The Object Liberation Front is a group of artists, technologists and researchers, who get together to discuss non-anthropocentric artificial intelligence and its implications to the social imaginary.
Given the complex relationships that humans have today with both “natural” systems (as evidenced by global warming), and engineered systems (internet as surveillance), we have been compelled into imagining a world without humans, or, at least, a world where the division between humans/nonhumans, as well as divisions between nature/culture, sciences/humanities, matter/thought, don’t make as much sense as they used to.
The group was initially formed by Alex, Sam, Radamés and myself while we were Researchers in Residence at FACT in Liverpool in 2015. It has grown to include many more humans, non-humans, objects and machines.
Reading & Thinging
Reading and Thinging is an informal monthly get-together that crosses a reading group with a ’show and tell’ session, exploring different themes in philosophy, science and culture through a curated reading list, discussions and manipulation of objects. It is an opportunity to make different areas of research, like philosophy, media theory and robotics, open and accessible, and to develop a community of readers, thinkers and thingers.

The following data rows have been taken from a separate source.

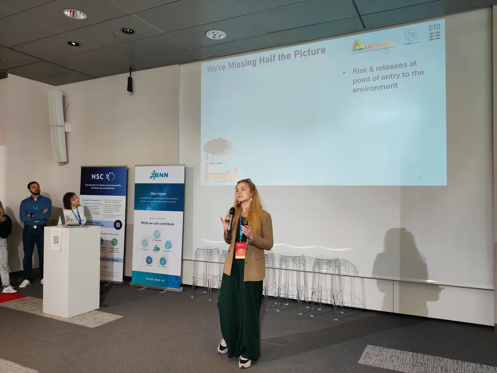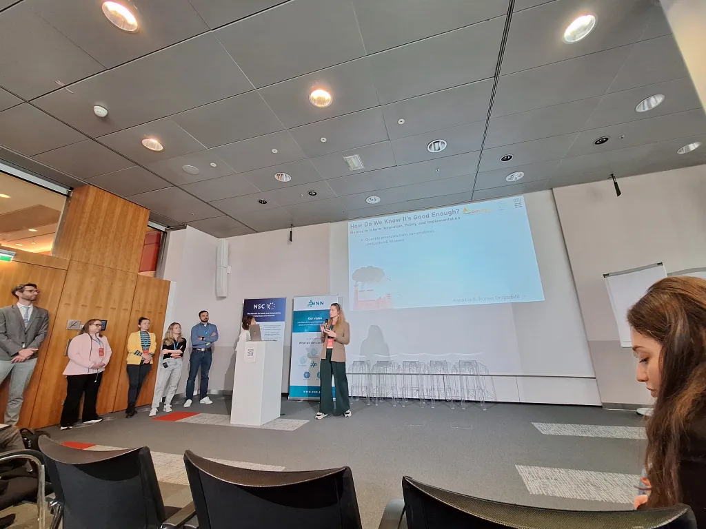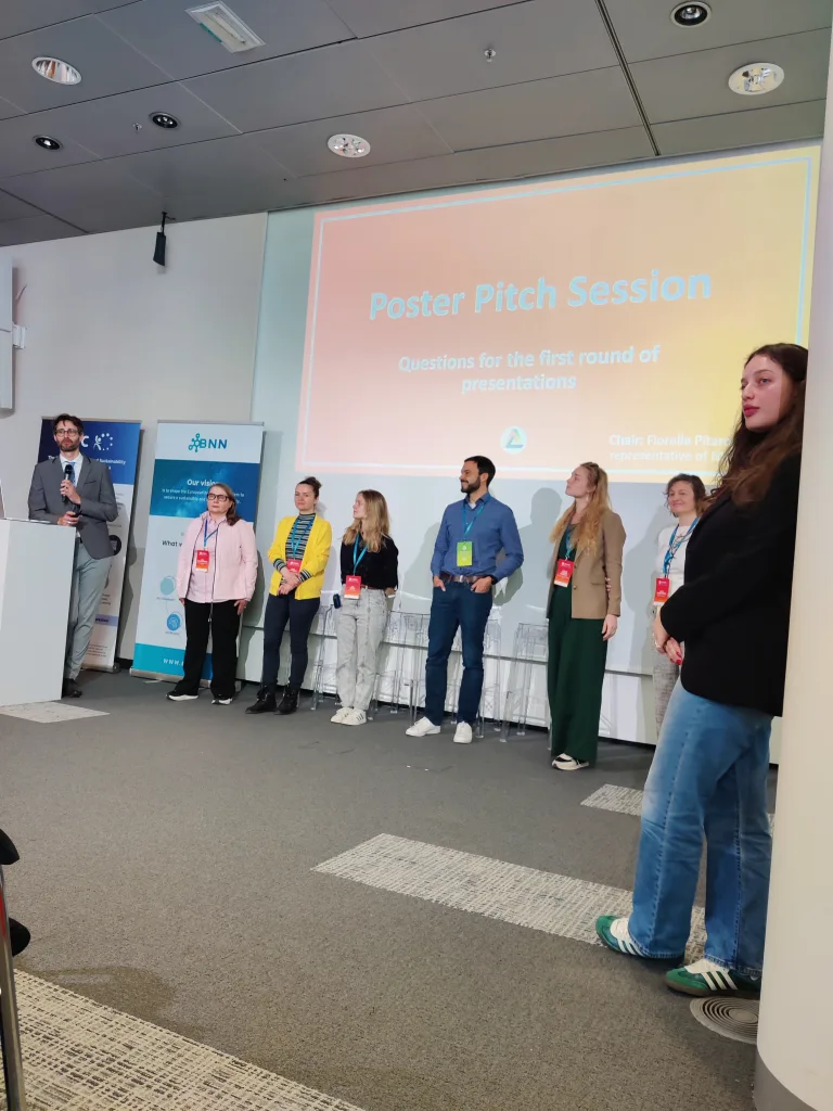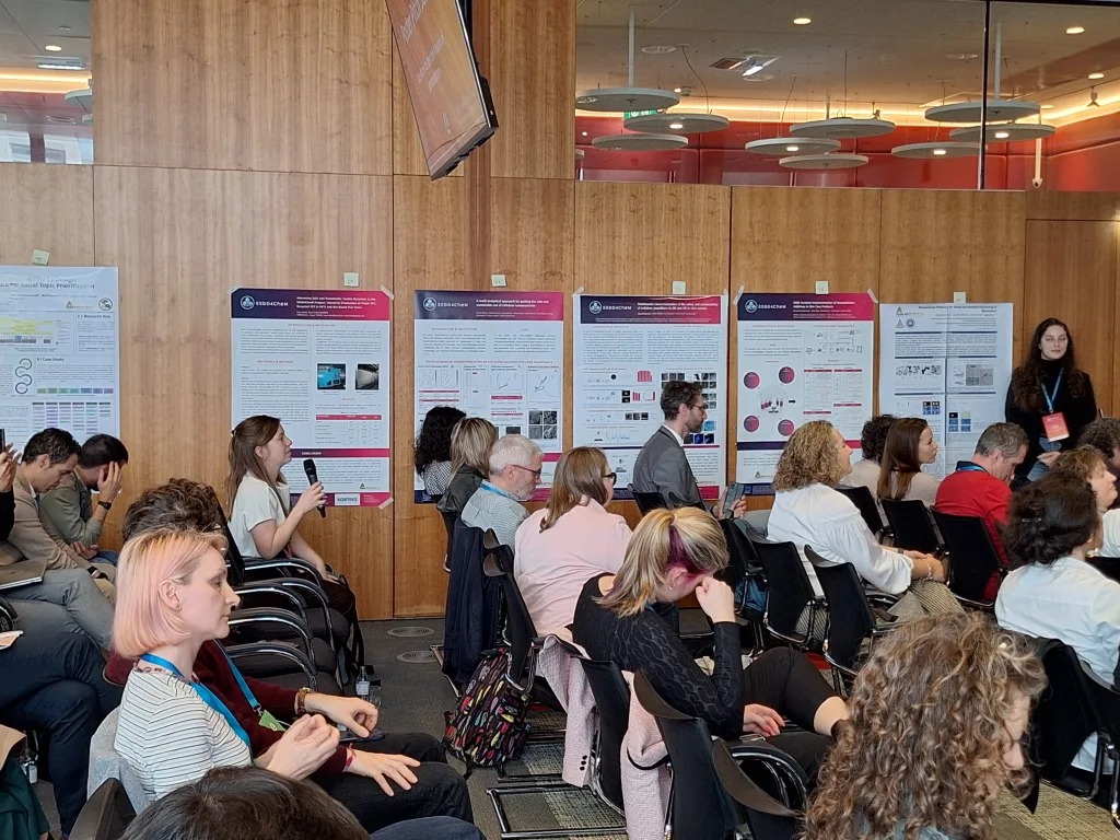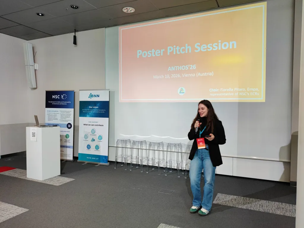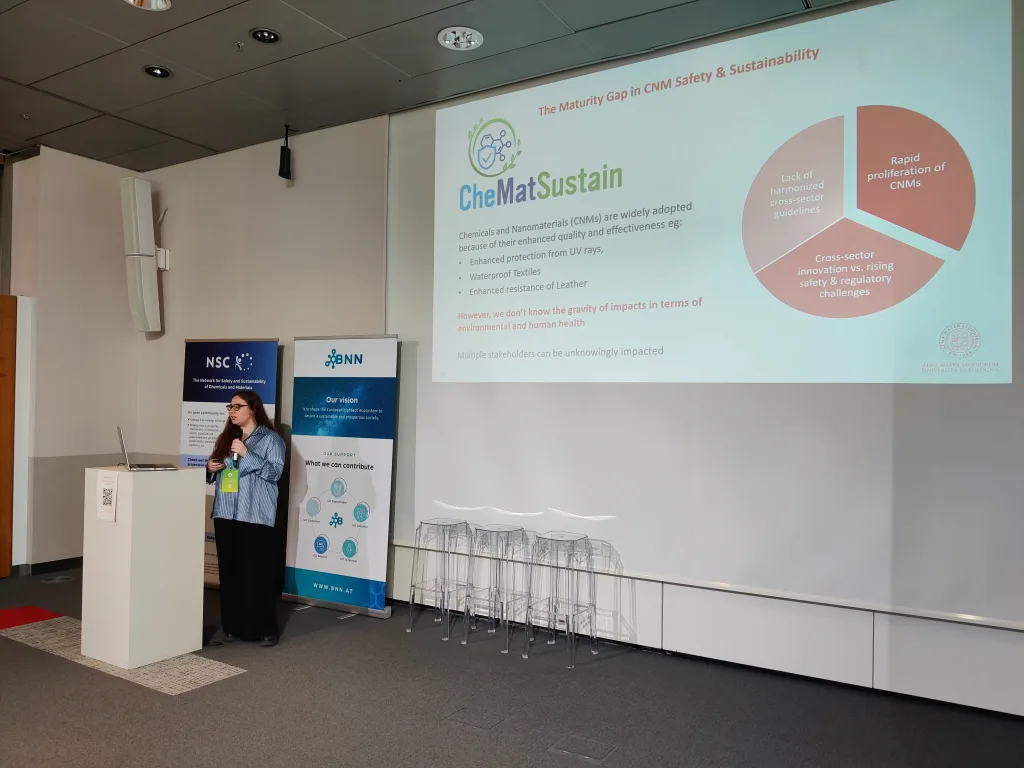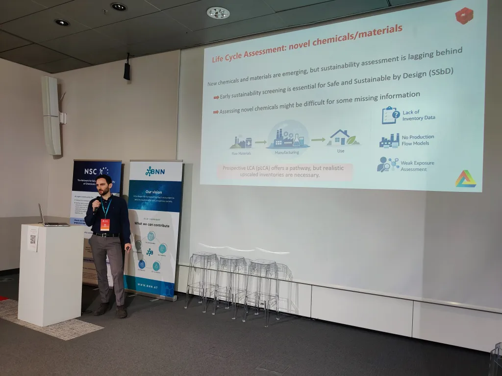 Other presentations focused on sustainability. Within the CheMatSustain project, one poster pitch analyzed the maturity of Life Cycle Assessment (LCA) and Safe-and-Sustainable-by-Design (SSbD) frameworks based on a systematic literature review and discussed how these frameworks influence innovation in chemicals and nanomaterials. Another presentation aimed to identify methodologies for quantifying environmental pressures arising from nanomaterial production and release in order to evaluate the sustainability of new nanomaterials. A further pitch within the INTEGRANO project compared the sustainability of biobased silica produced through three different extraction routes. In addition, a structured approach for translating laboratory-scale processes to industrial scale for prospective LCA of novel chemicals and materials was presented.
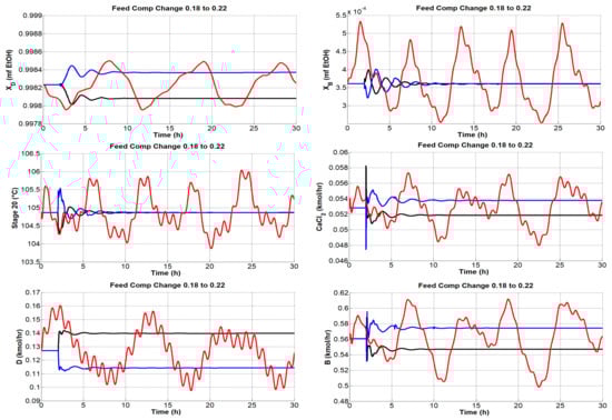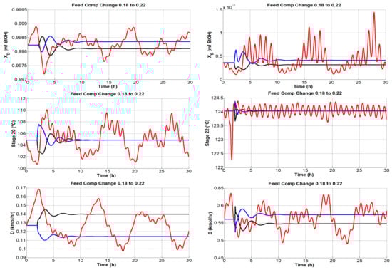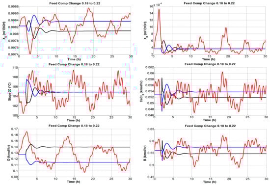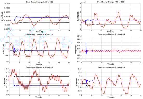 As mentioned above, different types of simulations were carried out, but the graphs only reported disturbances in the composition of the feed.
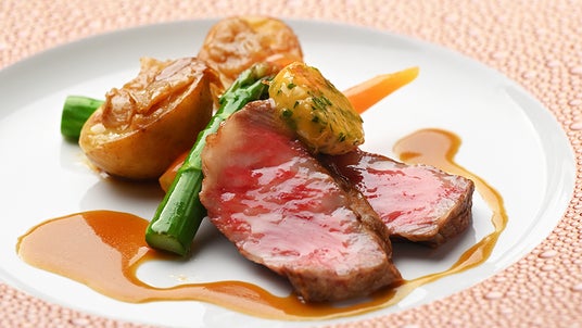 ・近江牛サーロインのグリルと新じゃがのステック・フリット風 キャフェ・ド・パリバターを添えて~フランスの国民食をボーセジュールのスタイルで~
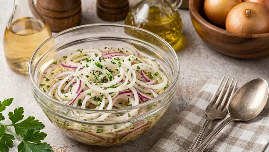 Этот луковый салат — наглядный пример того, как из банальных ингредиентов можно создать настоящий кулинарный шедевр. Его легкость и аромат, а также яркий вкус сделают его любимым угощением на вашем столе.
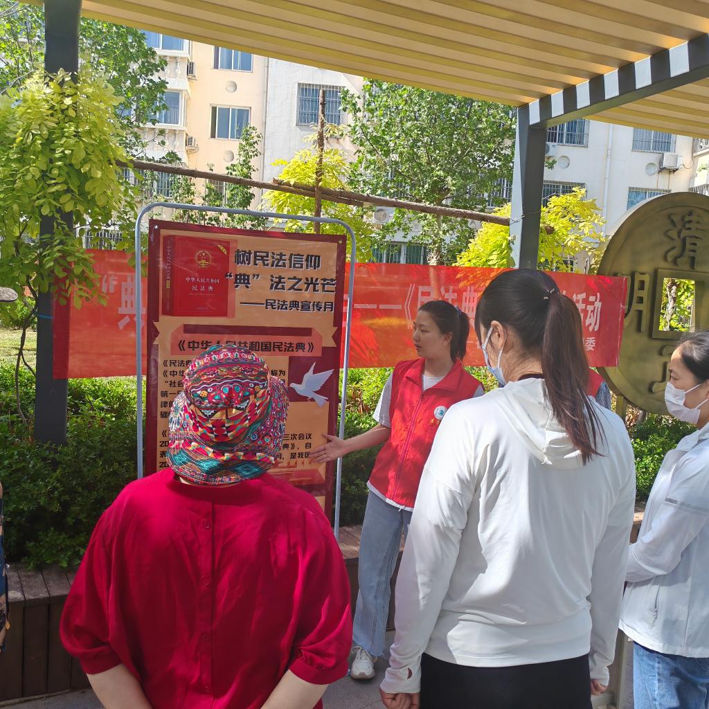 5月11日,青年大学生走进南龙社区开展“‘典’亮幸福 法伴一生”《民法典》宣传活动。大学生通过悬挂横幅、现场宣讲、发放宣传单等方式,结合热点新闻及典型案例,向社区居民宣讲《民法典》中关于个人信息保护、劳动纠纷、婚姻家庭、民间借贷等法律法规。“务工纠纷的起诉流程及化解?”“夫妻离婚子女抚养权确认及财产分配?”……与百姓生活相关的法律问题一一得到了解答。活动共发放宣传资料100余份,现场解答问题50余条,提高了居民对《民法典》的知晓率。
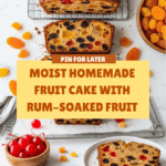 Keywords: fruit cake, holiday cake, dried fruit cake, rum soaked cake, traditional dessert, moist cake, loaf cake
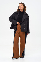 Детали: прилегающий силуэт, воротник с застежкой-поло, втачные длинные рукава расширенные к низу. Юбка прямого силуэта, пояс на резинке, спинка с высоким разрезом. Юбка на трикотажной подкладке.
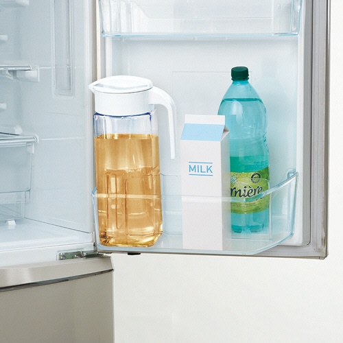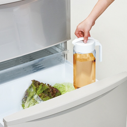 - ●タテ置き・ヨコ置き両方できる。●容量/2.1L●寸法/W152×D103×H295mm●重量/313g●色/ホワイト●材質/本体:AS樹脂、フタ・ネジ栓:PP、パッキン:シリコーンゴム●容量2.1Lの冷茶ポット、色はホワイトです。●取り出しやすい上部持ち手。
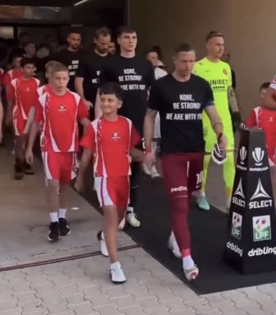 Para fillimit të kësaj ndeshje, lojtarët e gjigantit rumun u solidarizuan me yllin kosovar Meriton Korenica pas vdekjes së babait të tij ditë më parë.
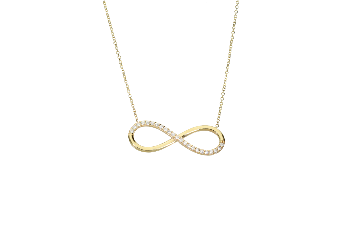 Κολιέ σε χρυσό 9Κ το σήμα του άπειρου με ζιργκόν
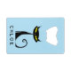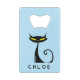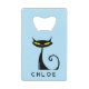 This personalised credit card bottle opener design features a retro mid century modern "atomic" black cat with big yellow eyes and a curly tail.

We’ve discussed topics like: emotional labour; post-humanism and post-internet networks; the difference between reflection, refraction and diffraction; Parapoetics and mechanics as non-anthropocentric reading/writing systems; and Technoxamanism.
We’ve read texts by: Donna Haraway, Karen Barad, Morten Søndergaard, Aaron M. Moe, Bifo Berardi, Dorion Sagan/Jakob von Uexküll, amongst others.
Some of the thingings we’ve done: playing cat’s craddle, building machines that draw straight lines, performative readings, breaking and rebuilding ceramic objects and ritualistic desoldering of circuits.
Ob_ject and Ob_serve
Ob_ject and Ob_serve was an exhibition we put together at A Small View in Liverpool in February of 2016. Alex presented work that looks at the relationship between breakdown in machines and people. Radamés, Edgar and Thiago presented ongoing work that deals with the hidden lives of our communication technologies. Sam presented a collection of text-based prints and ephemera drawn from archival research, conversations with former Liverpool observatory employees, and his project notebooks.